0

I'm running a python selenium script in a lambda function on AWS.

I'm scraping this page: Link

The scraper itself is working fine. But the pagination to the next page stopped working. It worked before for many months.

I exported a screenshot via:

png = driver.get_screenshot_as_base64()

It shows this page instead of the second page: enter image description here

I run this code (simplified version):

while url:
        driver.get(url)
        png = driver.get_screenshot_as_base64()
        print(png)
        button_next = driver.find_elements_by_class_name("PaginationArrowLink-sc-imp866-0")
        print("button_next_url: " + str(button_next[-1].get_attribute("href")))
        try:
            url = button_next[-1].get_attribute("href")
        except:
            url=""
            print('Error in URL')

The interesting thing is the printed URL is totally fine and when I open it manually in the browser it loads page 2:

https://www.stepstone.de/5/ergebnisliste.html?what=Berufskraftfahrer&searchorigin=Resultlist_top-search&suid=1faad076-5348-48d8-9834-4e0d9a836e34&of=25&action=paging_next

But "driver.get(url)" leads to the error page on the screenshot.

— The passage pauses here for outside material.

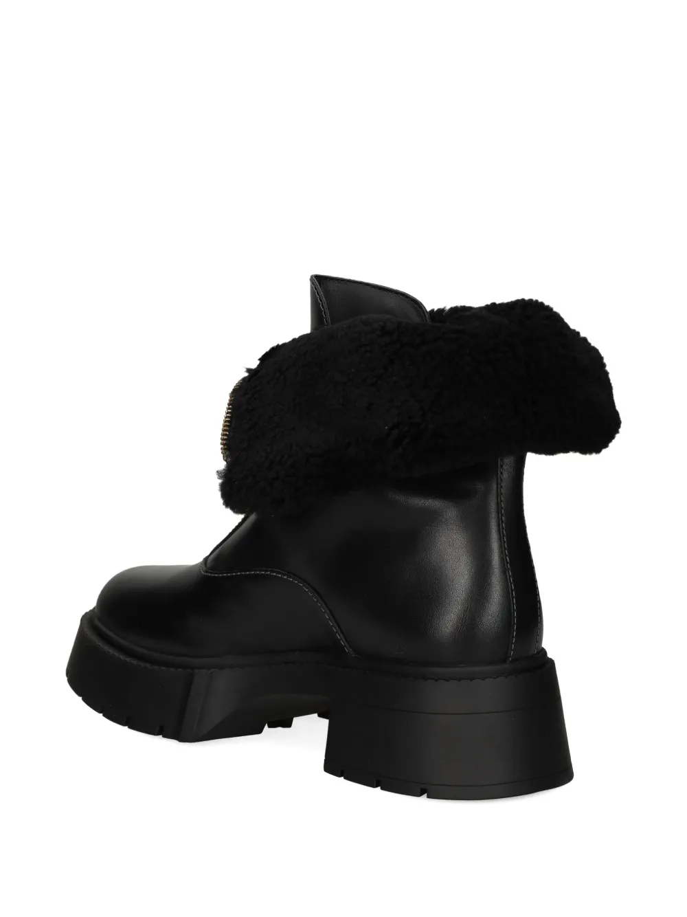черная отделка из овчины, застежка-молния, фурнитура золотистого оттенка, подошва-платформа
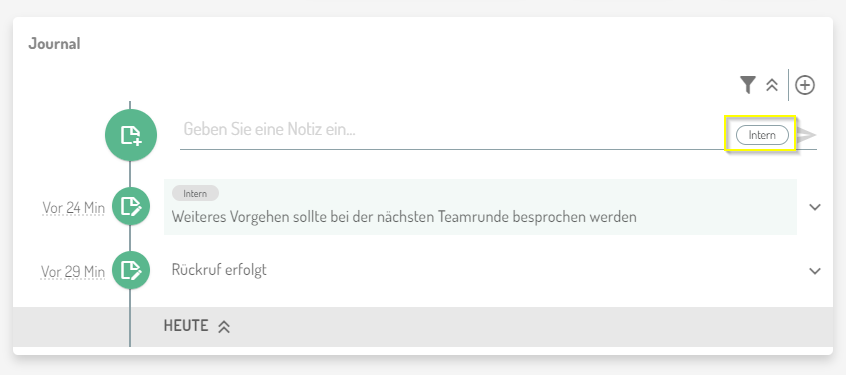 Im Journal werden interne Notizen im Gegensatz zu normalen Notizen mit einem hell-grünen Hintergrund und einem kleinen Chip mit dem Schriftzug "Intern" in der linken oberen Ecke angezeigt.

Is this some sort of scrape protection from the website? Or is there another reason it sopped working from one day to the other?

Max
  • 33
  • 5
  • maybe you should write information to log file - which line was executed, what you have in variables, what error you get in except. maybe you create wrong url and it can't find it. OR maybe portal changes HTML and now it use different code and different urls and you have to change your code. Without information in log file there is no clue what can make problem - and we have no idea what is wrong. Simply: you have to debug code. – furas Jun 18 '22 at 15:25
  • maybe you should `.click()` button instead of using `get(url)` – furas Jun 18 '22 at 15:27
  • maybe it would be simpler to search by xpath like `driver.find_element_by_xpath('//a[@title="Nächste"]')` - with word `element` without `s` at the end - to get one result. OR `//a[@data-at="pagination-next"]` – furas Jun 18 '22 at 15:31
  • @furas xpath lead me to this error: https://stackoverflow.com/questions/72657844/python-selenium-nosuchelementexception-although-the-value-was-found – Max Jun 18 '22 at 15:58
  • I see you already got answer for this error. Sometimes python code runs faster then JavaScript in browser and it may need to wait until JavaScript adds element to page. – furas Jun 18 '22 at 16:25

1 Answers1

1

The solution was to cut the last part of the URL.

from:

https://www.stepstone.de/5/ergebnisliste.html?what=berufskraftfahrer&searchorigin=Resultlist_top-search&of=25&action=paging_next

to:

https://www.stepstone.de/5/ergebnisliste.html?what=berufskraftfahrer&searchorigin=Resultlist_top-search&of=25

I still don't understand why Selenium was not able to load it, but manually it works. But now it is running again.

Max
  • 33
  • 5